▶ **Exercise description**: An exact reproduction of the entries is needed. Keep all pictures out of it.

▶ **Data to process**:

--- START ---

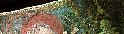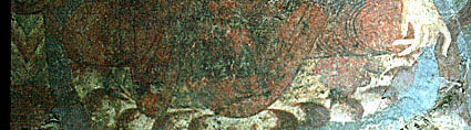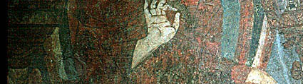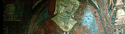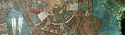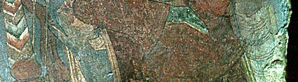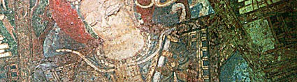 T.Sh.p.Ka. 227.1. Exc. no. K.15, H 0.60; Painted clay. MDAFA, III, Pl. LXXII, fig. 86; ROW, 71, figs 145-46; Tarzi, B 160. The hunter-king facing, accompanied by his dog. A second Buddhist monastic site was excavated in the Kakrak valley south-east of Bamiyan. Along with a smaller Buddha statue than those of Bamiyan, some dwellings of Buddhist monks were found in the main precinct. The paintings in the grottoes were removed and taken to the Kabul Museum by Joseph Hackin. The best known is a figure of the 'hunter-king' and his dog. The site is thought to date a little later than the main site in Bamiyan. |
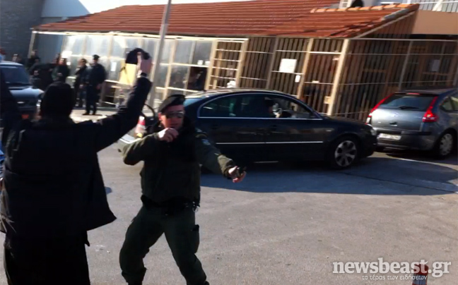 Στις φυλακές Κορυδαλλού έφθασε πριν λίγα λεπτά ο ηγούμενος Εφραίμ. Ιερείς και μοναχοί που τον περίμεναν εδώ και μία ώρα έξω από το κτίριο των φυλακών τον υποδέχτηκαν με χειροκροτήματα και φωνάζοντας «Άξιος,άξιος».
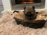 Померан на девет седмици, най-високо качество. Три пъти е почистен от паразити и е получил две ваксини. Всяко кученце се предлага с чип, паспорт, клиничен преглед от ветеринарен лекар и стартов пакет гранули. Родословието се заплаща допълнително с 50 евро.
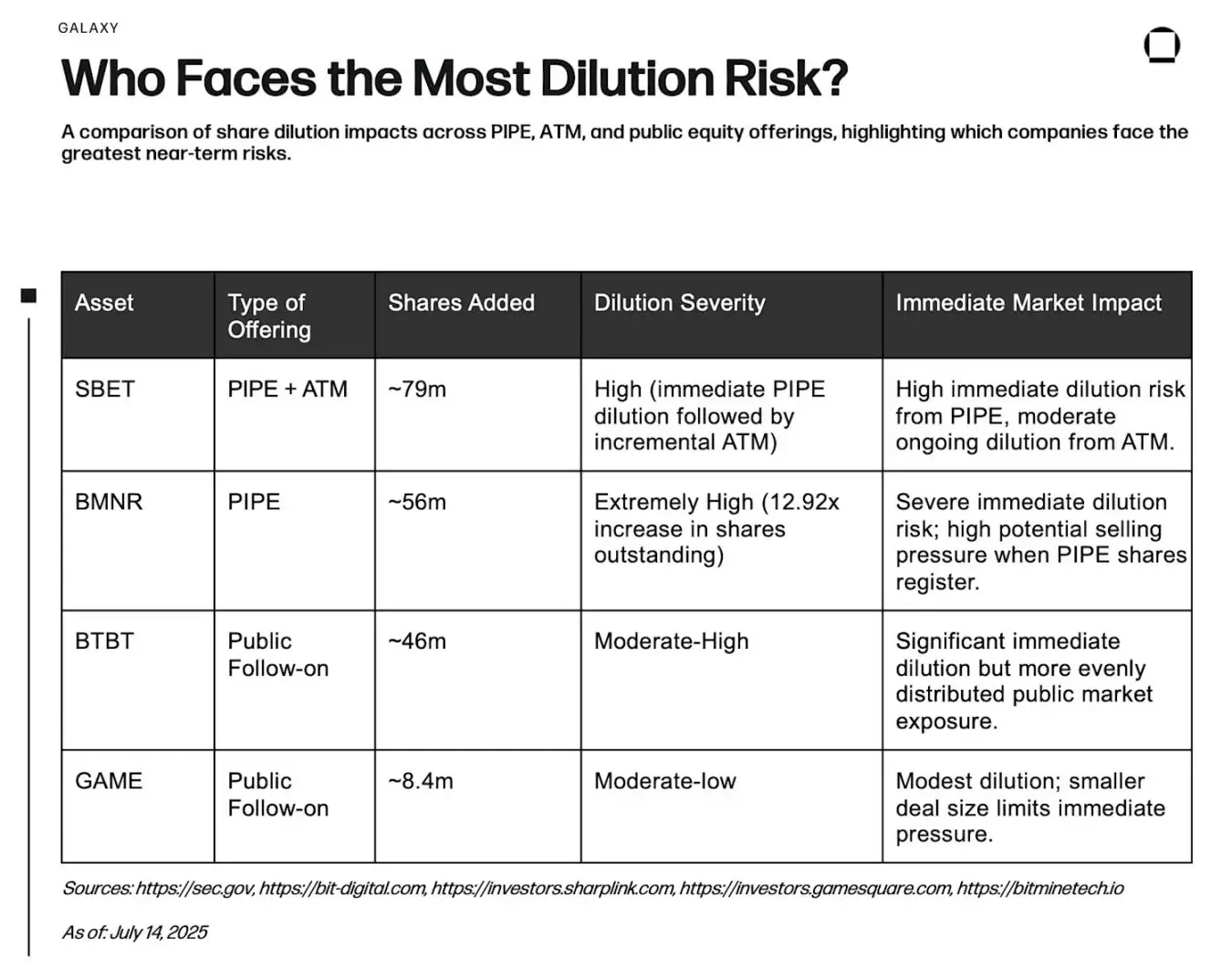 股权融资虽避免债务风险,但大规模发行新股可能稀释现有股东权益。BitMine通过私募发行5560万股,股本增幅达13倍,短期面临股价波动压力;SharpLink的PIPE与ATM组合则带来持续稀释预期。相比之下,Bit Digital与GameSquare采用传统公开发行方式,稀释节奏更透明,市场接受度相对较高。投资者需通过“以太坊集中度”指标(每千股对应持仓量)横向比较不同公司的敞口与稀释平衡能力。
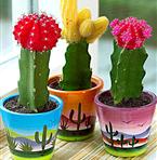 Ge dessa ympade kaktusar en ljus liten plats, utan alltför starkt solljus. Blommar på sensommaren. Inklusive dessa avbildade minikrukor.
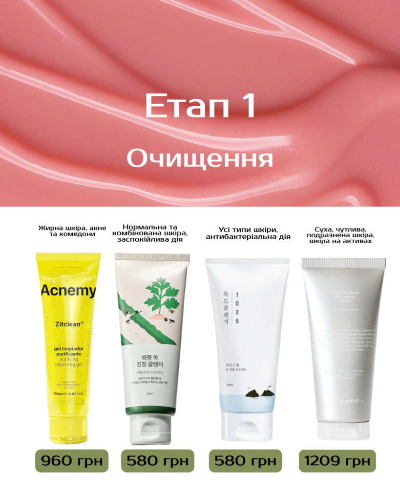 Перший і ключовий крок у догляді. Очищення видаляє забруднення, надлишок себуму, SPF та макіяж, не порушуючи захисний бар’єр шкіри.
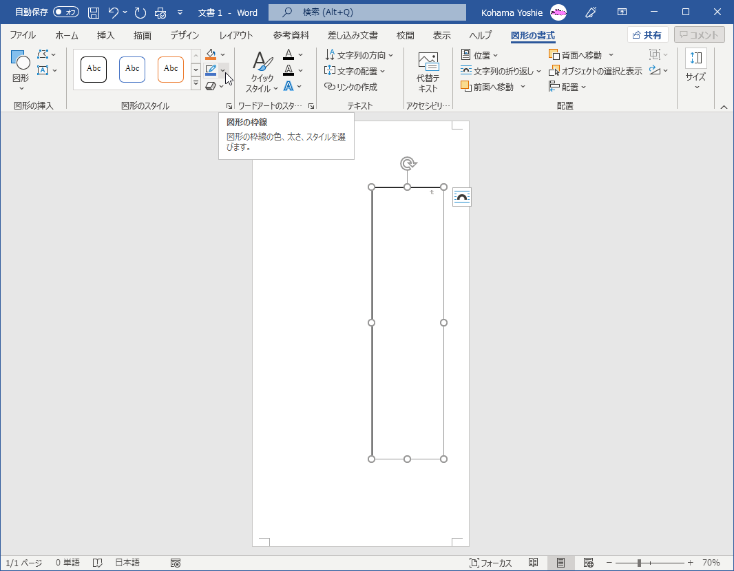 - テキストボックスを選択し、[図形の枠線]ボタンの▼をクリックします。
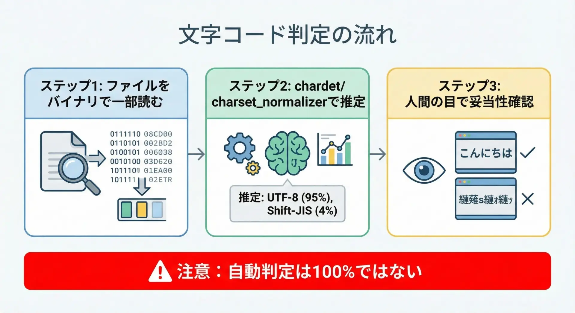 ただし、自動判定は完全ではないため、実際にそのエンコーディングで開いて日本語が正しく読めるかを確認することが重要です。
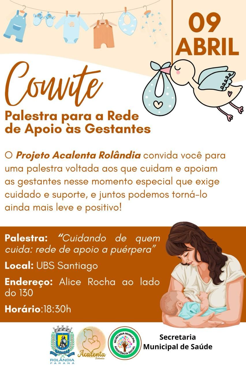 PALESTRA PARA AS GESTANTES E FAMILÍAS   As secretarias de Assitência Social e de Saúde convidam para uma palestra gratuita, no dia 9 de abril, quarta-feira, voltada para a Rede de Apoio às Gestantes.   O...
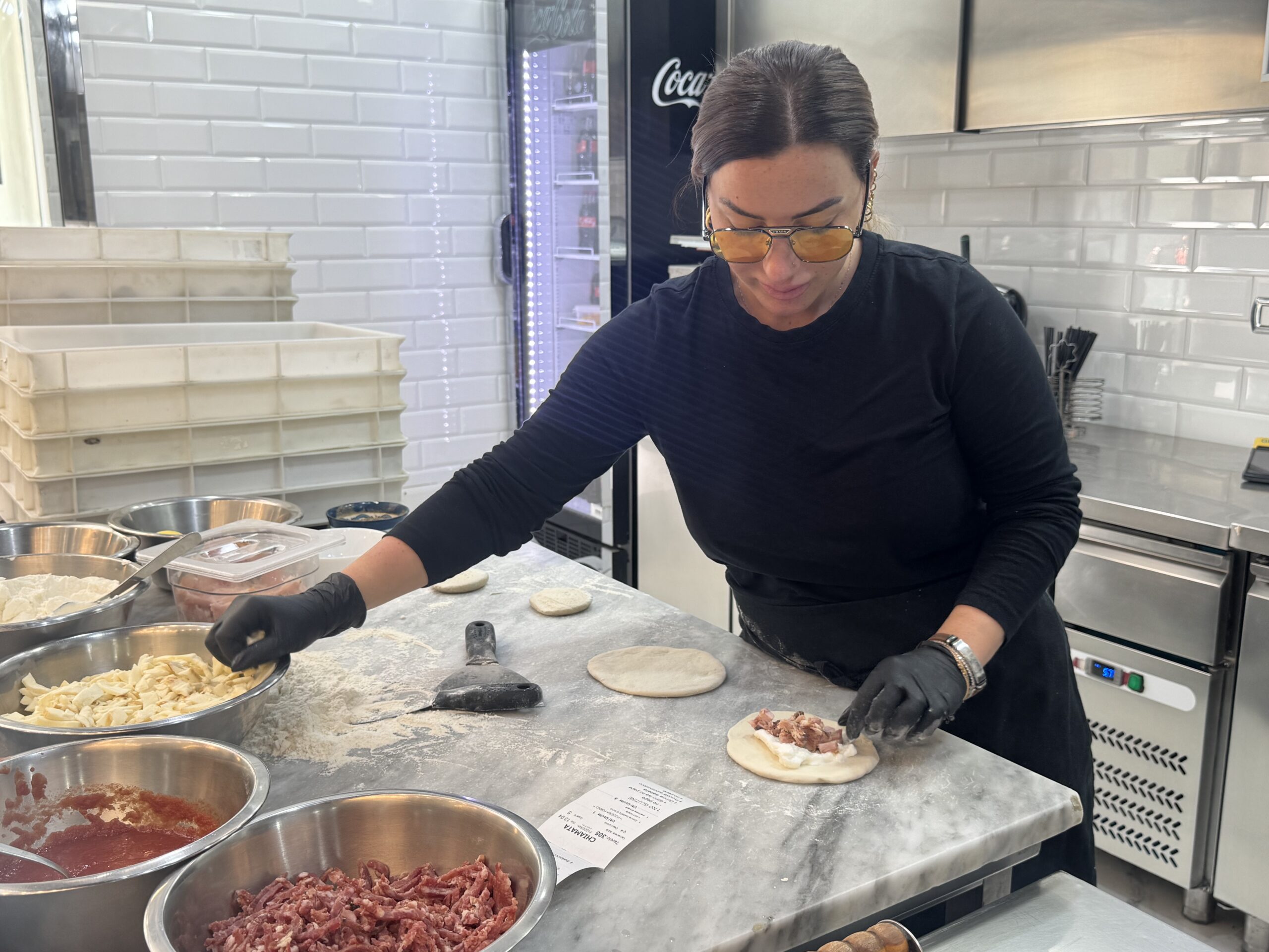 Sono anche i suoi occhi a raccontarmi del suo lavoro di pizzaiola, ci leggo forza e consapevolezza e la sua pizza fritta ha davvero qualcosa di cui dover parlare. Lei la descrive come se fosse una sua figlia, ed è uno spettacolo vederla all’opera: sembrano una danza i suoi gesti nel farcirla, ma soprattutto nel friggerla. Poi la tira fuori e lo spettacolo è assicurato, “Mo non ci resta che bucare il pallone”. La pizza fritta di Isabella è ariosa, leggera, digeribile, “l’olio non è l’ingrediente ma il conduttore” e quello che esce fuori è una pizza fritta perfettamente sferica, dovuta al processo di frittura ma anche alla lievitazione.
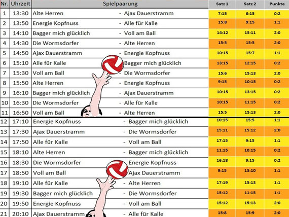 Nachfolgend die Spielergebnisse in der Übersicht:
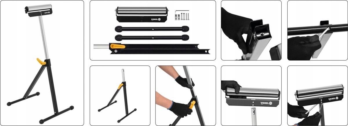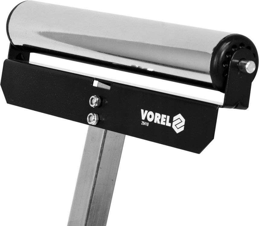 Металева опора з транспортуючим роликом / роликом / для підтримки довгих елементів під час обробки / наприклад, на столі пилки або фрезерного верстата /. Допустиме навантаження: бл. Висота опори регулюється від 68 до 105 см, ширина рулону 29 см. Ніжки з оцинкованого та лакованого сталевого листа, профіль 30 х 30 мм.
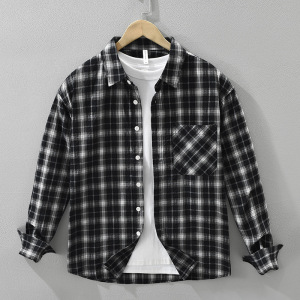 7787日系格子清新长袖衬衫男士时尚百搭文艺休闲宽松上衣一件代发
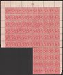 1913 Engraved 1d carmine red KGV (plate2) imprint blk of 36 bottom of sheet ACSC 59(2)za. Also double perf between columns 7 & 8, most obvious in top 4 rows, ACSC 59c(bi) rows 7-12, pos 3-8. Inc listed varieties ACSC 59(2)qst. rare multiple with both double perfs & imprint. Some separation, mostly F-VF M/MUH, does have 6 tone spots & a crease through the top row & re-enforced perfs on 8 stamps, not effecting the variety. ACSC 59c(bi) cat $1700+. Despite flts an impressive multiple. (36)
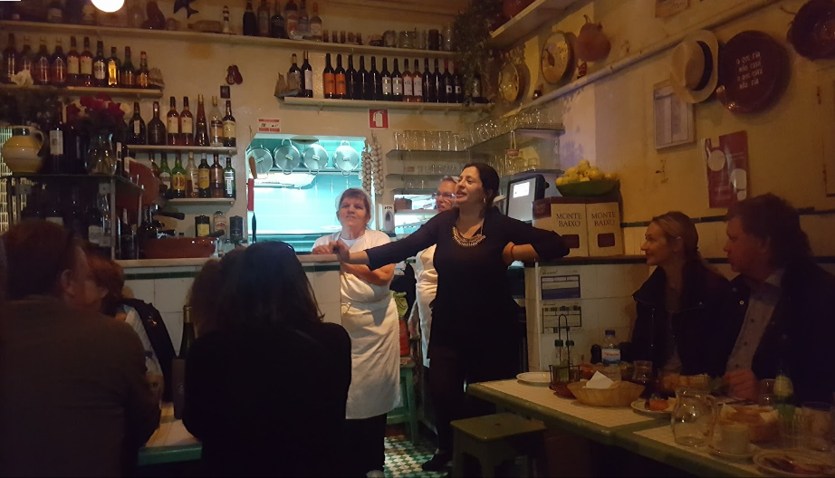 We gathered on a communal table in a small room, most places taken already, and were made to feel welcome with a couple of glasses of red wine. There is no stage, and the musicians simply perform in the corner of the room. Each song is dramatic and passionate and the performers looked extremely well practiced at the style. An overkill of maudlin music doesnât seem like the basis for a night out, but the songs are short, melodic, often intense and were received enthusiastically by the room.
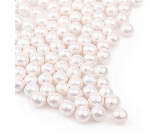Рисовые шарики в цветной кондитерской глазури с глиттером (блеском). Применяется как украшение и добавка в состав изделия. Цвет жемчужно белые. Форма сферическая, даметром 12-13 мм.

--- END ---

▶ **Solution to this problem**:
 T.Sh.p.Ka. 227.1. Exc. no. K.15, H 0.60; Painted clay. MDAFA, III, Pl. LXXII, fig. 86; ROW, 71, figs 145-46; Tarzi, B 160. The hunter-king facing, accompanied by his dog. A second Buddhist monastic site was excavated in the Kakrak valley south-east of Bamiyan. Along with a smaller Buddha statue than those of Bamiyan, some dwellings of Buddhist monks were found in the main precinct. The paintings in the grottoes were removed and taken to the Kabul Museum by Joseph Hackin. The best known is a figure of the 'hunter-king' and his dog. The site is thought to date a little later than the main site in Bamiyan. |
 Στις φυλακές Κορυδαλλού έφθασε πριν λίγα λεπτά ο ηγούμενος Εφραίμ. Ιερείς και μοναχοί που τον περίμεναν εδώ και μία ώρα έξω από το κτίριο των φυλακών τον υποδέχτηκαν με χειροκροτήματα και φωνάζοντας «Άξιος,άξιος».
 Померан на девет седмици, най-високо качество. Три пъти е почистен от паразити и е получил две ваксини. Всяко кученце се предлага с чип, паспорт, клиничен преглед от ветеринарен лекар и стартов пакет гранули. Родословието се заплаща допълнително с 50 евро.
 股权融资虽避免债务风险,但大规模发行新股可能稀释现有股东权益。BitMine通过私募发行5560万股,股本增幅达13倍,短期面临股价波动压力;SharpLink的PIPE与ATM组合则带来持续稀释预期。相比之下,Bit Digital与GameSquare采用传统公开发行方式,稀释节奏更透明,市场接受度相对较高。投资者需通过“以太坊集中度”指标(每千股对应持仓量)横向比较不同公司的敞口与稀释平衡能力。
 Ge dessa ympade kaktusar en ljus liten plats, utan alltför starkt solljus. Blommar på sensommaren. Inklusive dessa avbildade minikrukor.
 Перший і ключовий крок у догляді. Очищення видаляє забруднення, надлишок себуму, SPF та макіяж, не порушуючи захисний бар’єр шкіри.
 - テキストボックスを選択し、[図形の枠線]ボタンの▼をクリックします。
 ただし、自動判定は完全ではないため、実際にそのエンコーディングで開いて日本語が正しく読めるかを確認することが重要です。
 PALESTRA PARA AS GESTANTES E FAMILÍAS   As secretarias de Assitência Social e de Saúde convidam para uma palestra gratuita, no dia 9 de abril, quarta-feira, voltada para a Rede de Apoio às Gestantes.   O...
 Sono anche i suoi occhi a raccontarmi del suo lavoro di pizzaiola, ci leggo forza e consapevolezza e la sua pizza fritta ha davvero qualcosa di cui dover parlare. Lei la descrive come se fosse una sua figlia, ed è uno spettacolo vederla all’opera: sembrano una danza i suoi gesti nel farcirla, ma soprattutto nel friggerla. Poi la tira fuori e lo spettacolo è assicurato, “Mo non ci resta che bucare il pallone”. La pizza fritta di Isabella è ariosa, leggera, digeribile, “l’olio non è l’ingrediente ma il conduttore” e quello che esce fuori è una pizza fritta perfettamente sferica, dovuta al processo di frittura ma anche alla lievitazione.
 Nachfolgend die Spielergebnisse in der Übersicht:
 Металева опора з транспортуючим роликом / роликом / для підтримки довгих елементів під час обробки / наприклад, на столі пилки або фрезерного верстата /. Допустиме навантаження: бл. Висота опори регулюється від 68 до 105 см, ширина рулону 29 см. Ніжки з оцинкованого та лакованого сталевого листа, профіль 30 х 30 мм.
 7787日系格子清新长袖衬衫男士时尚百搭文艺休闲宽松上衣一件代发
 1913 Engraved 1d carmine red KGV (plate2) imprint blk of 36 bottom of sheet ACSC 59(2)za. Also double perf between columns 7 & 8, most obvious in top 4 rows, ACSC 59c(bi) rows 7-12, pos 3-8. Inc listed varieties ACSC 59(2)qst. rare multiple with both double perfs & imprint. Some separation, mostly F-VF M/MUH, does have 6 tone spots & a crease through the top row & re-enforced perfs on 8 stamps, not effecting the variety. ACSC 59c(bi) cat $1700+. Despite flts an impressive multiple. (36)
 We gathered on a communal table in a small room, most places taken already, and were made to feel welcome with a couple of glasses of red wine. There is no stage, and the musicians simply perform in the corner of the room. Each song is dramatic and passionate and the performers looked extremely well practiced at the style. An overkill of maudlin music doesnât seem like the basis for a night out, but the songs are short, melodic, often intense and were received enthusiastically by the room.
Рисовые шарики в цветной кондитерской глазури с глиттером (блеском). Применяется как украшение и добавка в состав изделия. Цвет жемчужно белые. Форма сферическая, даметром 12-13 мм.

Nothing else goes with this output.